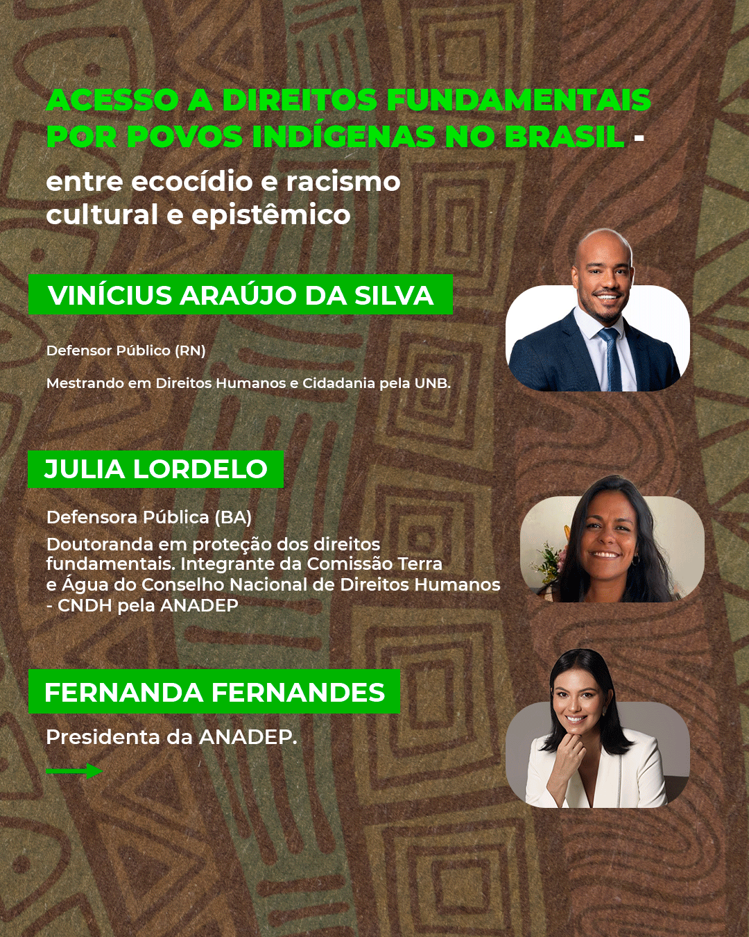 A programação está estruturada em eixos temáticos que buscarão aprofundar essa discussão, como a análise da Defensoria Pública enquanto instrumento institucional na luta pela reparação histórica — com foco em estratégias de litigância estrutural e políticas antirracistas — e o acesso a direitos fundamentais, discutido entre os conceitos de ecocídio e racismo cultural e epistêmico.
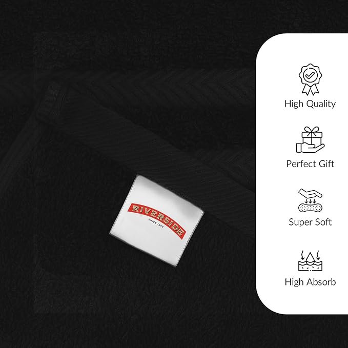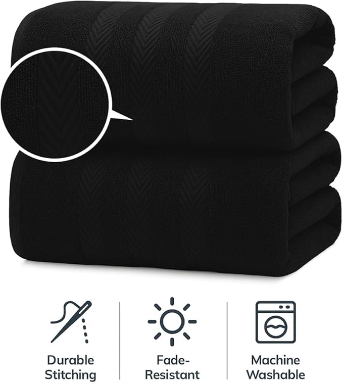 RIVERSIDE Pack of 2 Extra Large Bath Sheets 35 x 70 Inches - 100% Ring Spun Cotton Hotel Quality Oversized Bath Towels - Super Soft, Highly Absorbent & Quicker to Dry - Black
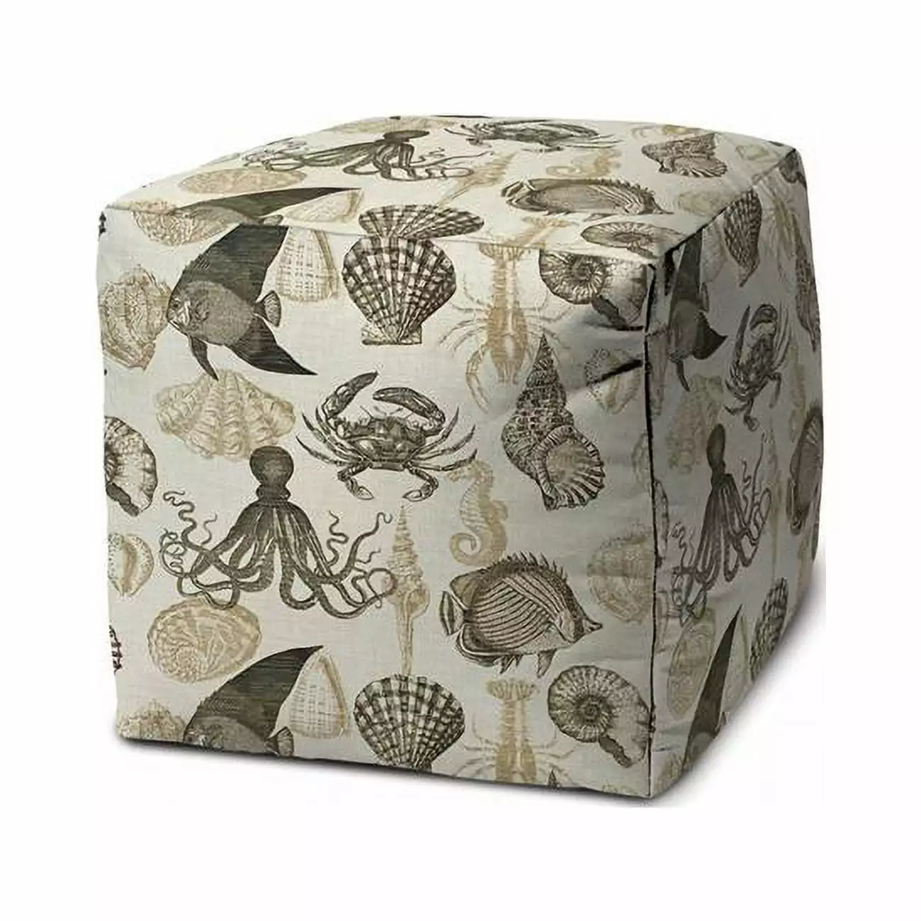 17 in. Polyester Cube Coastal Indoor & Outdoor Pouf Ottoman. Beige & Gray

■ ■ ■

The problem: Return all material verbatim, pictures omitted.

Solution below:
 A programação está estruturada em eixos temáticos que buscarão aprofundar essa discussão, como a análise da Defensoria Pública enquanto instrumento institucional na luta pela reparação histórica — com foco em estratégias de litigância estrutural e políticas antirracistas — e o acesso a direitos fundamentais, discutido entre os conceitos de ecocídio e racismo cultural e epistêmico.
 RIVERSIDE Pack of 2 Extra Large Bath Sheets 35 x 70 Inches - 100% Ring Spun Cotton Hotel Quality Oversized Bath Towels - Super Soft, Highly Absorbent & Quicker to Dry - Black
 17 in. Polyester Cube Coastal Indoor & Outdoor Pouf Ottoman. Beige & Gray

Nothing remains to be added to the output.